***** EXERCISE INPUTS

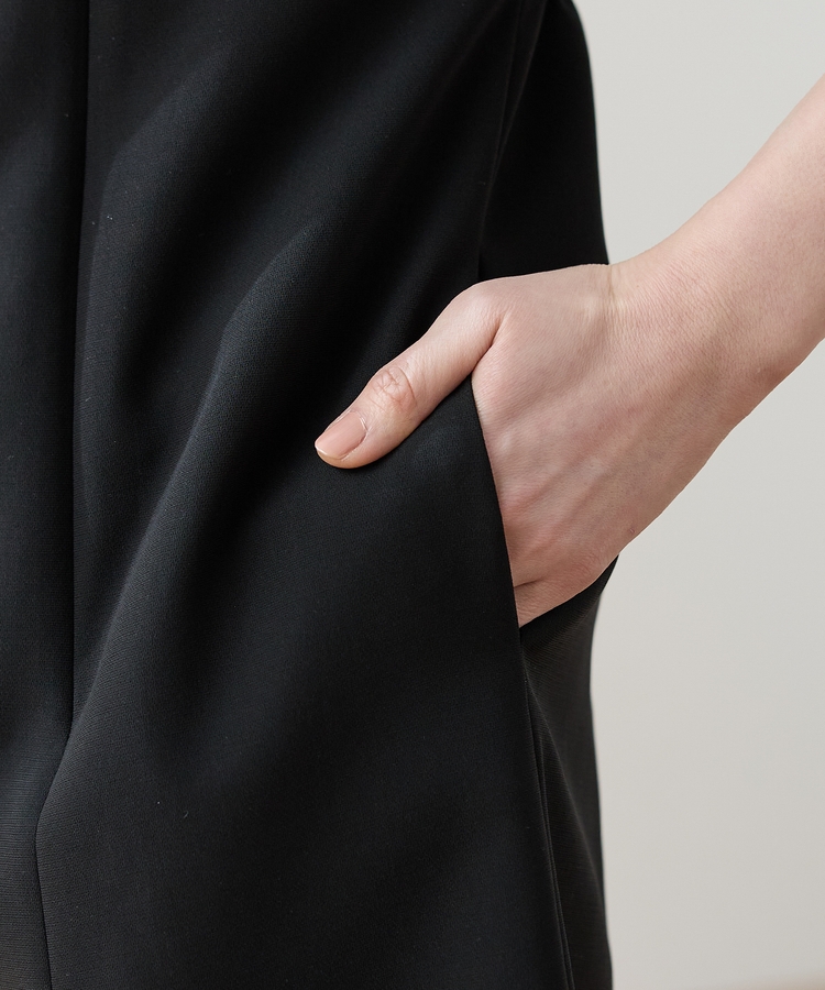 シワになりにくく、ストレッチのきいたさらりとした風合いの素材。洗濯機で洗えるウォッシャブル。
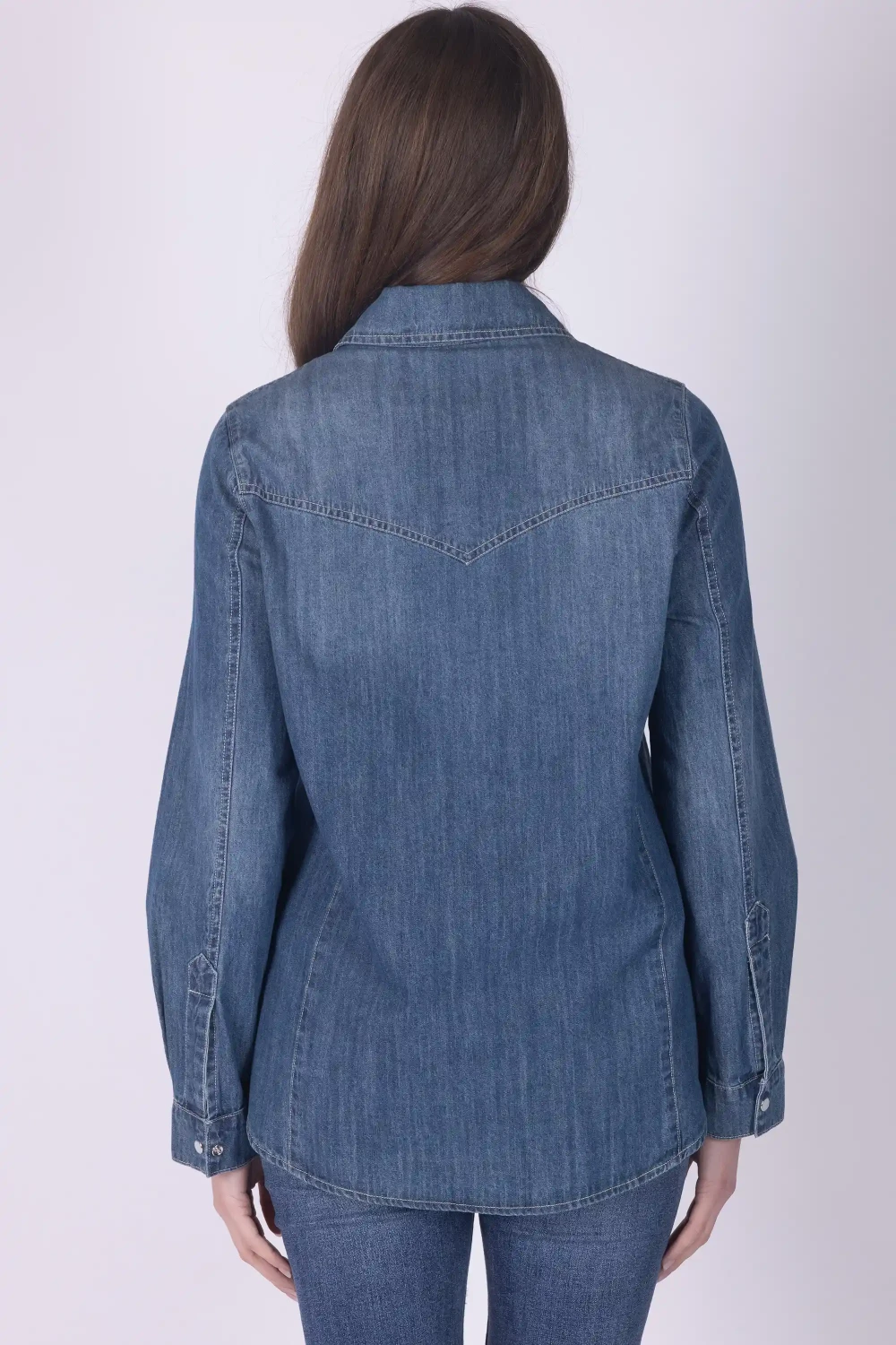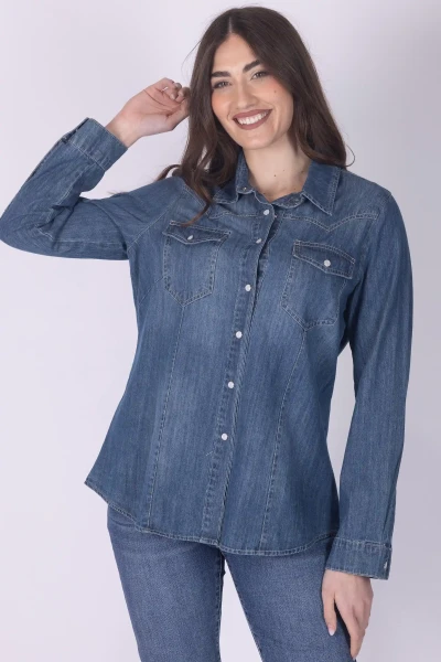 Camicia in jeans dal design pulito e contemporaneo, pensata per aggiungere un tocco casual al guardaroba. Il modello è caratterizzato da chiusura frontale con ciappe in madreperla, dettagli luminosi che donano al capo un accento raffinato.
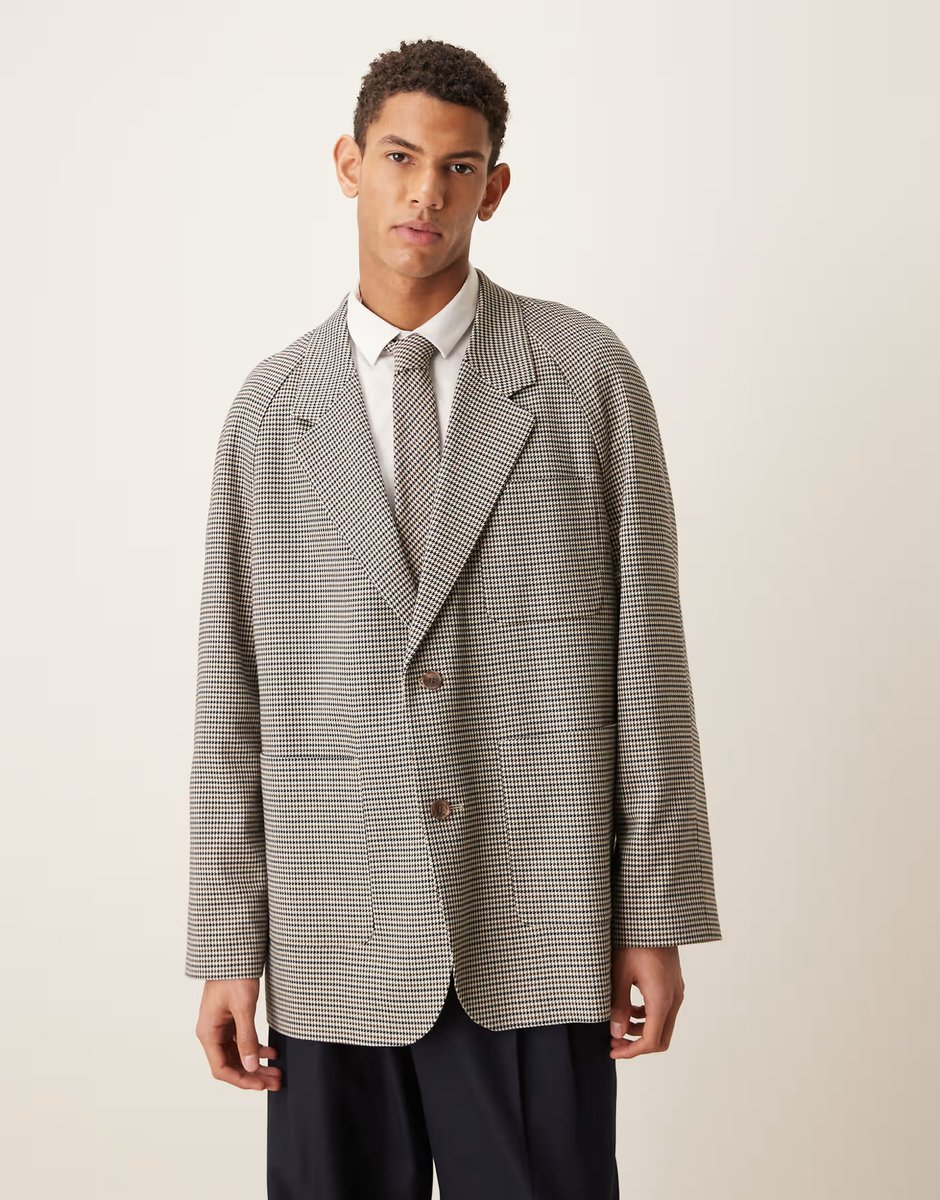 Crafted with a slouchy fit, this raglan blazer in stone puppytooth adds a contemporary touch to your wardrobe. Perfect for layering over shirts or knitwear, it features a versatile design suitable for various occasions.
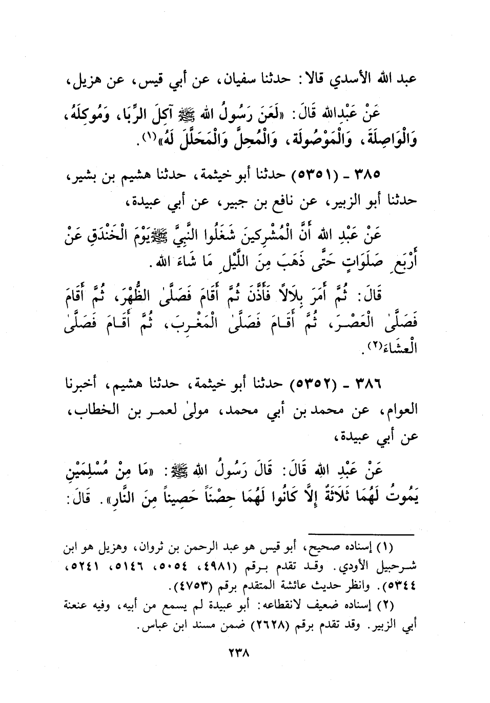 5352 - حَدَّثَنَا أَبُو خَيْثَمَةَ، حَدَّثَنَا هُشَيْمٌ، أَخْبَرَنَا الْعَوَّامُ، عَنْ مُحَمَّدِ بْنِ أَبِي مُحَمَّدٍ، - مَوْلًى لِعُمَرَ بْنِ الْخَطَّابِ - عَنْ أَبِي عُبَيْدَةَ، عَنْ عَبْدِ اللَّهِ قَالَ: قَالَ رَسُولُ اللَّهِ صَلَّى اللهُ عَلَيْهِ وَسَلَّمَ: «§مَا مِنْ مُسْلِمَيْنِ يَمُوتُ لَهُمَا ثَلَاثٌ إِلَّا كَانُوا لَهُمَا حِصْنًا حَصِينًا مِنَ النَّارِ»، قَالَ: فَقُلْنَا: يَا رَسُولَ اللَّهِ، وَإِنْ كَانَا اثْنَيْنِ؟ قَالَ: «وَإِنْ كَانَا اثْنَيْنِ»، قَالَ: فَقَالَ أَبُو ذَرٍّ: يَا رَسُولَ اللَّهِ، لَمْ أُقَدِّمْ إِلَّا اثْنَيْنِ؟ قَالَ: «وَإِنْ كَانَا اثْنَيْنِ»، قَالَ: فَقَالَ أُبَيُّ بْنُ كَعْبٍ أَبُو الْمُنْذِرِ سَيِّدُ الْقُرَّاءِ: لَمْ أَقْدَمْ إِلَّا وَاحِدًا؟ قَالَ: «وَإِنْ كَانَ وَاحِدًا»، قَالَ: «إِنَّمَا ذَلِكَ عِنْدَ الصَّدْمَةِ الْأُولَى» Kإسناده ضعيف
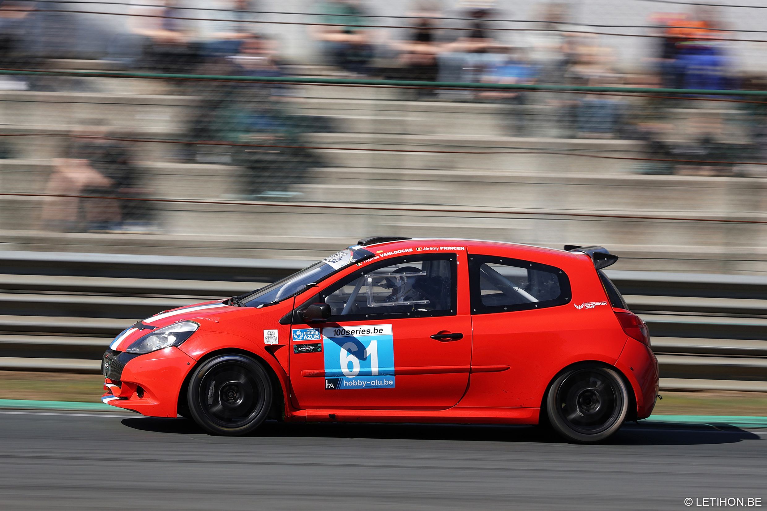 C’est sous un franc soleil et des températures printanières que la 100 Series by BGDC 2025 a pris son envol ce samedi sur le Circuit de Zolder, dans le cadre des Terlaemen Cups. Des conditions idéales qui ont favorisé une épreuve de toute beauté… Si la première partie de la course était franchement calme, Tom Meurrens (Porsche 992 GT3 Cup #23) prenant rapidement ses distances par rapport à Raphaël van der Straten (MARC Cars II V8), au cœur du peloton, les ennuis ne tardaient pas, et sans réelle surprise à Zolder, c’est du côté des transmissions que cela se passait, avec les retraits trop rapides de la Renault Clio #110 de Patrick Asnong, Frédéric Faucon et Alain Furnal, victime de sa boîte de vitesses, tandis que la Renault Clio #262 de Robin Dries et Samuel Hilgers cassait un cardan, étant également contrainte d’en rester là ! De quoi déjà entamer les rangs de la Division 1. D’autant que la Renault Clio #69 de Rogier Van Kuijk et Thomas Leten, engagée en Classe A, rencontrait des soucis d’allumage peu avant le cap de la mi-course, avant de souffrir d’un bris de courroie d’alternateur. Pire encore pour la Renault Clio #10 d’Hervé Deger et Jérôme Heinen, qui ne prenait même pas le départ, conséquence de soucis techniques !

**********

#### [WHAT THIS TASK INVOLVES]
Apart from the pictures, the whole listing should be reproduced exactly.

#### [RESULT]
 シワになりにくく、ストレッチのきいたさらりとした風合いの素材。洗濯機で洗えるウォッシャブル。
 Camicia in jeans dal design pulito e contemporaneo, pensata per aggiungere un tocco casual al guardaroba. Il modello è caratterizzato da chiusura frontale con ciappe in madreperla, dettagli luminosi che donano al capo un accento raffinato.
 Crafted with a slouchy fit, this raglan blazer in stone puppytooth adds a contemporary touch to your wardrobe. Perfect for layering over shirts or knitwear, it features a versatile design suitable for various occasions.
 5352 - حَدَّثَنَا أَبُو خَيْثَمَةَ، حَدَّثَنَا هُشَيْمٌ، أَخْبَرَنَا الْعَوَّامُ، عَنْ مُحَمَّدِ بْنِ أَبِي مُحَمَّدٍ، - مَوْلًى لِعُمَرَ بْنِ الْخَطَّابِ - عَنْ أَبِي عُبَيْدَةَ، عَنْ عَبْدِ اللَّهِ قَالَ: قَالَ رَسُولُ اللَّهِ صَلَّى اللهُ عَلَيْهِ وَسَلَّمَ: «§مَا مِنْ مُسْلِمَيْنِ يَمُوتُ لَهُمَا ثَلَاثٌ إِلَّا كَانُوا لَهُمَا حِصْنًا حَصِينًا مِنَ النَّارِ»، قَالَ: فَقُلْنَا: يَا رَسُولَ اللَّهِ، وَإِنْ كَانَا اثْنَيْنِ؟ قَالَ: «وَإِنْ كَانَا اثْنَيْنِ»، قَالَ: فَقَالَ أَبُو ذَرٍّ: يَا رَسُولَ اللَّهِ، لَمْ أُقَدِّمْ إِلَّا اثْنَيْنِ؟ قَالَ: «وَإِنْ كَانَا اثْنَيْنِ»، قَالَ: فَقَالَ أُبَيُّ بْنُ كَعْبٍ أَبُو الْمُنْذِرِ سَيِّدُ الْقُرَّاءِ: لَمْ أَقْدَمْ إِلَّا وَاحِدًا؟ قَالَ: «وَإِنْ كَانَ وَاحِدًا»، قَالَ: «إِنَّمَا ذَلِكَ عِنْدَ الصَّدْمَةِ الْأُولَى» Kإسناده ضعيف
 C’est sous un franc soleil et des températures printanières que la 100 Series by BGDC 2025 a pris son envol ce samedi sur le Circuit de Zolder, dans le cadre des Terlaemen Cups. Des conditions idéales qui ont favorisé une épreuve de toute beauté… Si la première partie de la course était franchement calme, Tom Meurrens (Porsche 992 GT3 Cup #23) prenant rapidement ses distances par rapport à Raphaël van der Straten (MARC Cars II V8), au cœur du peloton, les ennuis ne tardaient pas, et sans réelle surprise à Zolder, c’est du côté des transmissions que cela se passait, avec les retraits trop rapides de la Renault Clio #110 de Patrick Asnong, Frédéric Faucon et Alain Furnal, victime de sa boîte de vitesses, tandis que la Renault Clio #262 de Robin Dries et Samuel Hilgers cassait un cardan, étant également contrainte d’en rester là ! De quoi déjà entamer les rangs de la Division 1. D’autant que la Renault Clio #69 de Rogier Van Kuijk et Thomas Leten, engagée en Classe A, rencontrait des soucis d’allumage peu avant le cap de la mi-course, avant de souffrir d’un bris de courroie d’alternateur. Pire encore pour la Renault Clio #10 d’Hervé Deger et Jérôme Heinen, qui ne prenait même pas le départ, conséquence de soucis techniques !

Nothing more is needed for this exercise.